Машина тяжело тронулась по шоссе, а там, где она недавно стояла, Петренко заметил какой-то шевелящийся темный комок. Егерь осветил его лучом фонарика. Это был кот с обрывком перекушенной верёвочки на шее. Он стремительно исчез под крыльцом.
В первый же день появления кота на кордоне с ним произошла неприятность. Вероятно, он раньше никогда не видел кроликов. Началось с того, что крупная крольчиха утром проковыляла мимо крыльца. На верхней ступеньке грелся на солнце кот, прищурив глаза и подобрав под себя лапки. Сонливое настроение у него сразу сменилось жадным вниманием. Глаза широко раскрылись, кот спрыгнул с крыльца и, распластавшись, пополз по земле.
Крольчиха в это время спокойно сидела хвостиком к крыльцу и ела какой-то корешок, выкопанный передними лапками. Она заметила кота, но не изменила позы, а только перестала жевать, чуть повернула голову и косилась назад одним глазом.
Кот подползал все ближе, ближе и, наконец, замер, не спуская глаз с белого хвостика крольчихи. Она не двигалась. Кот тоже. Так прошло некоторое время. Вдруг молниеносным прыжком кот бросился вперед с вытянутыми лапами! Но в тот же миг крольчиха что есть силы лягнула кота задними лапами прямо в «лицо». Удар был настолько силен, что кот перевернулся в воздухе и отлетел обратно к крыльцу.
После этого кот уже не искал схваток с кроликом. Едва тот появлялся около крыльца, кот широко открывал глаза, как два фонаря, и внимательно следил за зверьком, поворачивая голову, пока тот не отходил далеко.
Кот оказался не изнеженным баловнем, который привык к теплу и ласке, а мужественным котищем в расцвете сил. Он жил на улице под крыльцом и не просился в дом даже во время сильных ночных весенних заморозков. Кота никогда не кормили, потому что это было бесполезно. Кот подозрительно нюхал молоко, поднимал хвост и степенно отходил в сторону, потряхивая то одной лапкой, то другой, словно он только что ступил в лужу. Он сам ловил для себя мышей и от диких кошек отличался только тем, что жил под крыльцом.
Каких только приключений с ним не случалось во время ночных похождений за добычей!
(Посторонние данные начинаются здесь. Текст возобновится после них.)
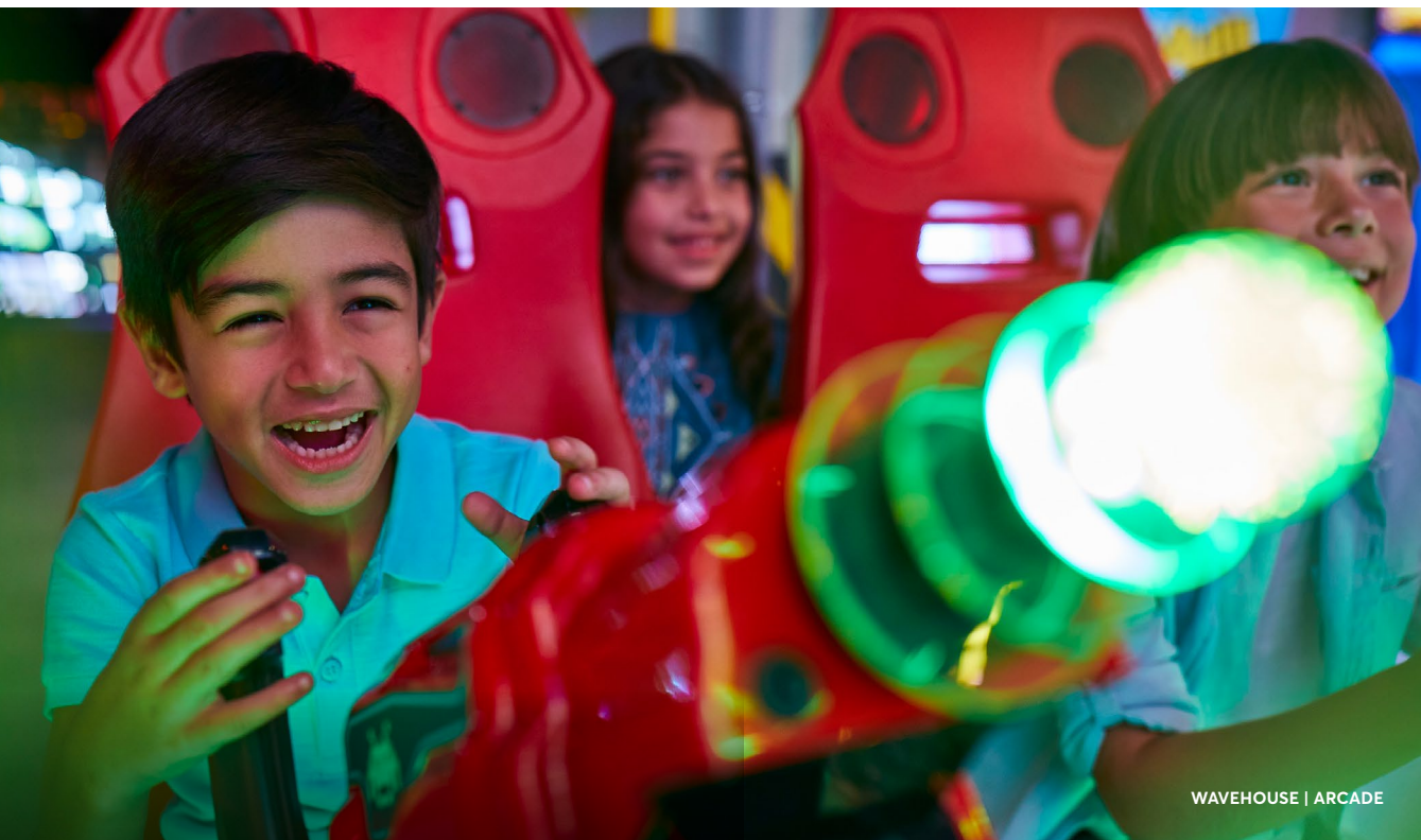
WAVEHOUSE | ARCADE

Kids can play at the best family entertainment destination in town with a complimentary AED 50 credit gaming card.

Однажды он чуть живой приполз утром к крыльцу, весь в крови и ранах. Ка него ночью напал филин. Что у них там происходило – никто не видел. Хворал кот больше месяца, и впервые его кормили всё это время дети егеря. Молодость и закалка победили. Кот поправился и снова перешёл на самоснабжение, отказавшись от готовой пищи.
Однажды в сумерках в кота выстрелил охотник, приняв его за зайца. Но от дробовых ран он поправился ещё быстрее, чем от когтей филина.